Bir de şu var. Günümüzde hemen her şey uzmanlar tarafından öğretilir oldu bize. Uzmanlar (evet biliyorum, kimi zaman da sözde uzmanlar) söyleyince duruyor,  düşünüyor insanlar ve inanıyor.
 
Her yıl, çocuklarımızı nasıl büyüteceğimizi anlatan kimbilir kaç kitap raflarda yerini alıyor.
 
Günde kaç porsiyon sebze, kaç tane meyva, kaç dilim ekmek yememiz gerektiğini uzmanlardan öğreniyoruz. Tabaktan bir elma kapıp da salt elma yemenin tadı için elma yiyemiyoruz artık, uzmanlar her gün yenmesini öğütledikleri için yer olduk diyebiliriz.
 
Kendini geliştirme kitaplarıyla, kendimizi tanımamızın, geliştirmemizin, ilişkilerimizi iyileştirmenin yolları öğretiliyor.
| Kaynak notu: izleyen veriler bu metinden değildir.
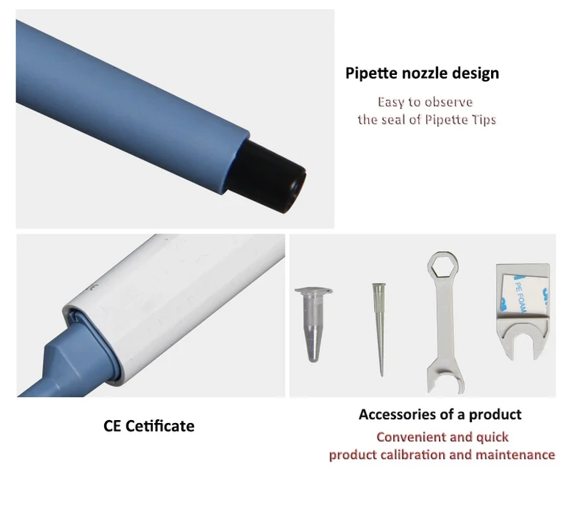 1. Легкий, эргономичный, низкий силовой дизайн.2. Цифровой дисплей четко читает настройки громкости.3. Пипетки охватывают диапазон объема от 0,1мкл до 10 мл.4. Легко калибровать и поддерживать с помощью поставляемого инструмента.5. Конструкция помогает избежать повторяющихся травм напряжения.6. Калибровка в соответствии с ISO8655. Каждая пипетка поставляется с индивидуальным тестовым сертификатом.7. Низкая часть доступна для автоклава.

Dediklerini yapmazsak kendimizi suçlu hissedeceğiz nerdeyse, öyle ya yeteri kadar çaba göstermiş olmayacağız o zaman.
 
Bize hayatta başarının, mutluluğun yollarını öğretmek isteyen yaşam koçları var artık.
 
İlişkide süre değil kalite önemlidir diyerek, randevu sistemi diyebileceğimiz bir şeyler bile önerdiler uzmanlar. Birlikte geçirilecek zamanlar (quality time) önceden belirlenecek, örneğin her gün aksam saat altıdan yediye kadar anne ile çocuk kesintisiz birlikte olacak, süre dolduğunda anne yemek yapmaya, çocuk ödevinin başına... Nerde kaldı günün akışı içinde oluşan doğal beraberlikler?
 
Elbette insanların ev, araba, şık mobilyalar, pahalı kıyafetler, bu kadarını başardıklarında da daha büyük bir ev, bir de yazlık ev almak için birbirleriyle yarışmadıkları geçmiş günlerde.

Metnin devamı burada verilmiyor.